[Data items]
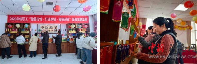 活动现场年味十足,大红灯笼、新春对联点缀其间,暖意融融。本次活动设置三大特色区域,为教职工带来了丰富多样的民俗体验。在春联书写区,教职工们或挥毫泼墨,或相互切磋,“马到成功”“龙马精神”“阖家幸福”等吉祥话语跃然纸上,一笔一划间饱含对新春的期许和对生活的热爱,一幅幅饱含墨香的春联,既是传统文化的传承,也是最真挚的新春祝福。
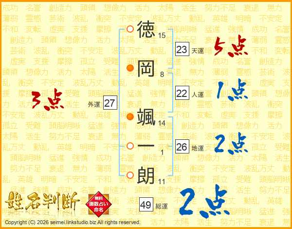 徳(15画)岡(8画) 颯(14画)一(1画)朗(11画)
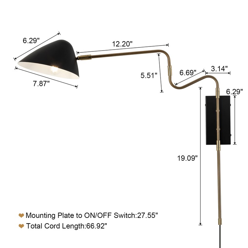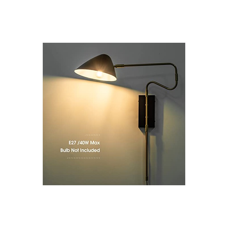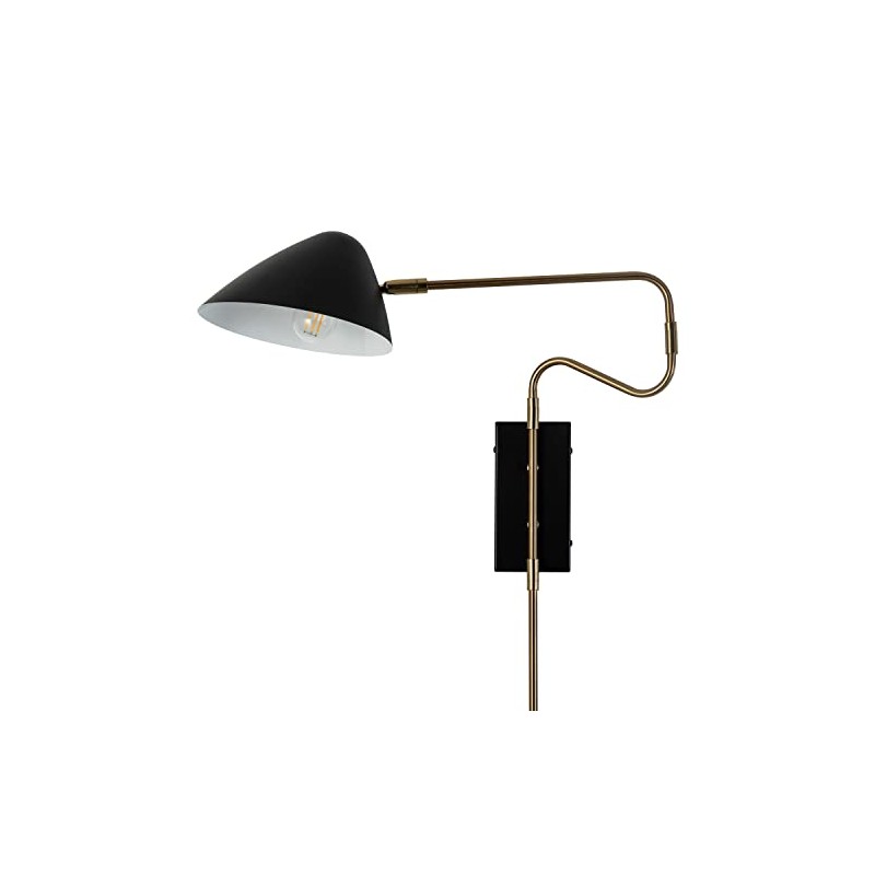 - Modern & Sleek: A plug in sconce with simplicity black finisshed metal crafted shade, wall mounting plate and pare with brass swing arms, features a great contemporary wall lighting choice for bedside, workspace and living room.
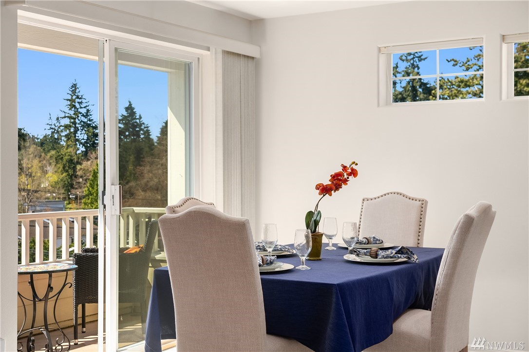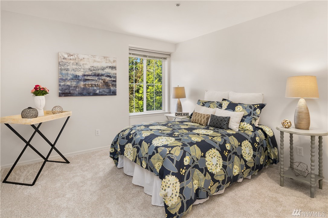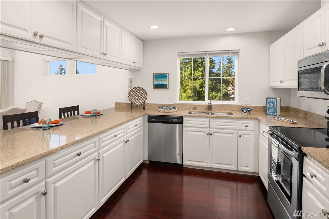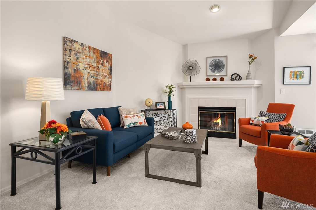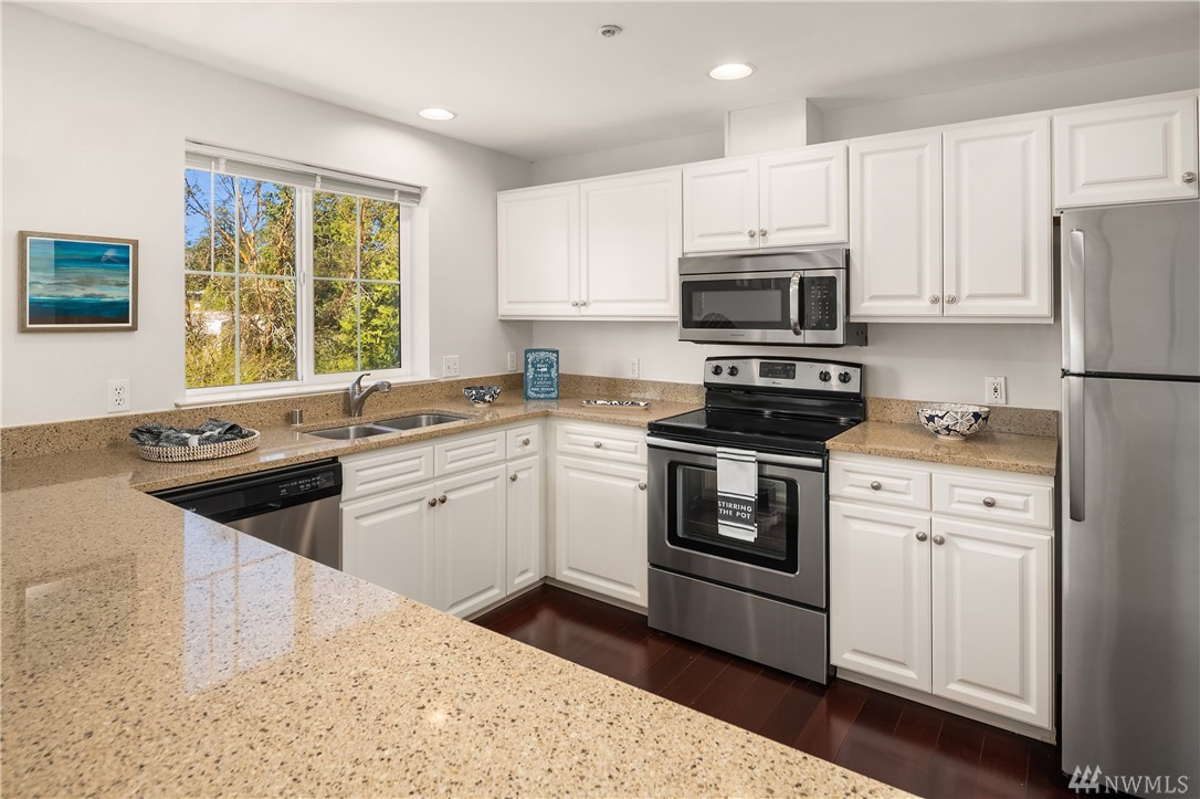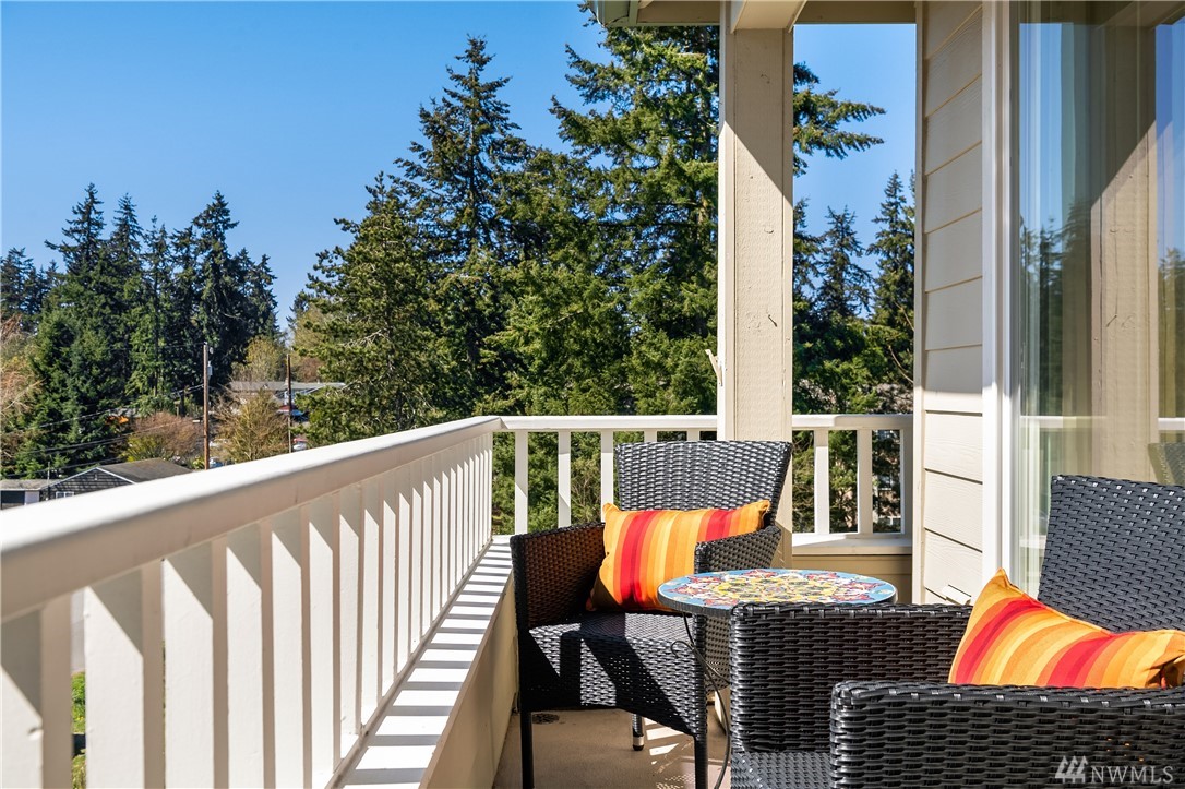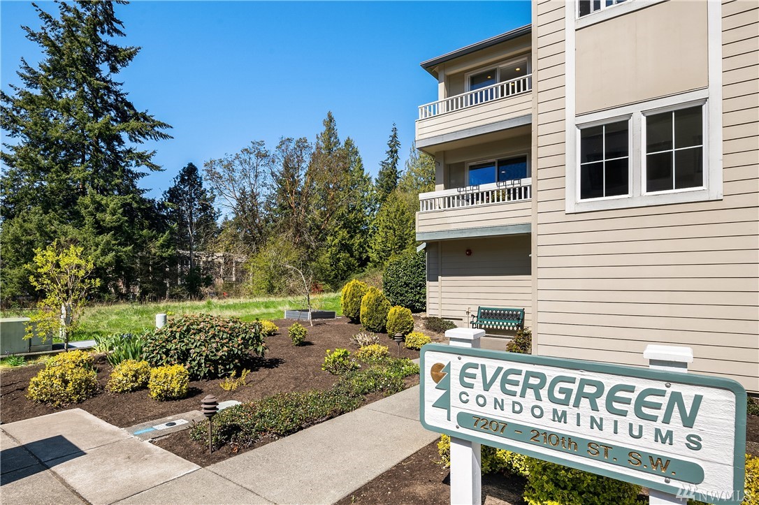 A rare find! Beautiful southwest top floor corner unit. Light and bright. Adult building, 55 and over, with 2 parking spots in secure garage plus large storage unit. Living room has vaulted ceilings and a gas fireplace. Open kitchen design with lots of counter space, plenty of cabinets, and stainless steel appliances. Quartz counters and roomy breakfast bar. Private deck off dining room to soak in the sun. Large master bedroom with spacious dedicated full bath. All new paint and carpets. Beautiful hardwoods too. Ready to move in. Close to shopping and Lynnwood golf course. Only 10 units in the building. Wonderfully maintained building and landscaping. Elevator too. A no smoking building. And a very nice territorial view!
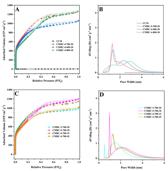 (A) and (C) N2 adsorption-desorption isotherms of CCM, CMBC-4-700-30, CMBC-4-600-30, and CMBC-4 800-30, CMBC-3-700-30, CMBC-5-700-30, CMBC-4-700-15, and 267 CMBC-4-700-45 and (B) and (D) their pore size distribution.
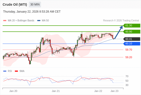 在 60.10 之上,看涨,目标价位为 60.90 ,然后为 61.30 。
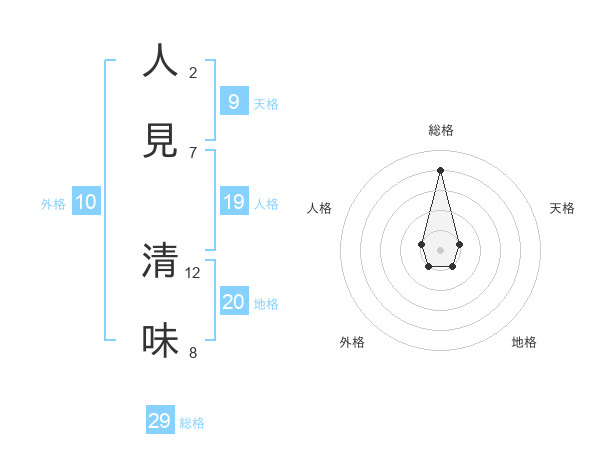 人見 清味さんの総格は29画の4点!
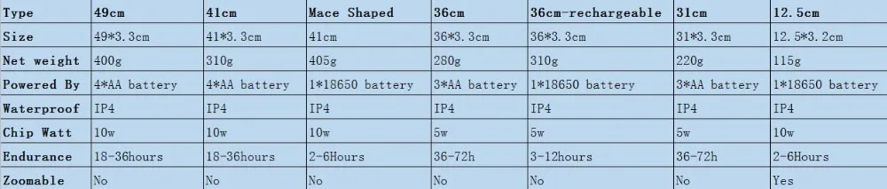Nota: El paquete no incluye batería ni cargador Modelo del producto: linterna de bate de béisbol Material del producto: aleación de aluminio Tamaño del producto: 49cm, 41cm, 36cm, 31cm, 12,5 cm Modelo de cuenta de lámpara: cuenta de lámpara Glare Modo de enfoque: sin enfoque Lúmenes de fuente de luz: 220-380LM Batería aplicable: 41 ~ 49cm , 4 pilas AA/ 31~36 Cm , 3 pilas AA/ 36 Modelo CM 18650 , 1*18650 batería. Voltaje de funcionamiento: 3,7 V Peso neto del producto: 49cm-360g, 41cm-300g, 36cm-230G, 31cm-200g, 12,5 cm-115g Función del producto: Autodefensa al aire libre, autodefensa antidisturbios, seguridad de emergencia, autoconducción esencial.

-- Assignment --
Retype only the lines above from the one with "人見 清味さんの総格は29画の4点!" through the last, both ends included, keeping every picture out of the copy.

-- Expected answer --
 人見 清味さんの総格は29画の4点!
Nota: El paquete no incluye batería ni cargador Modelo del producto: linterna de bate de béisbol Material del producto: aleación de aluminio Tamaño del producto: 49cm, 41cm, 36cm, 31cm, 12,5 cm Modelo de cuenta de lámpara: cuenta de lámpara Glare Modo de enfoque: sin enfoque Lúmenes de fuente de luz: 220-380LM Batería aplicable: 41 ~ 49cm , 4 pilas AA/ 31~36 Cm , 3 pilas AA/ 36 Modelo CM 18650 , 1*18650 batería. Voltaje de funcionamiento: 3,7 V Peso neto del producto: 49cm-360g, 41cm-300g, 36cm-230G, 31cm-200g, 12,5 cm-115g Función del producto: Autodefensa al aire libre, autodefensa antidisturbios, seguridad de emergencia, autoconducción esencial.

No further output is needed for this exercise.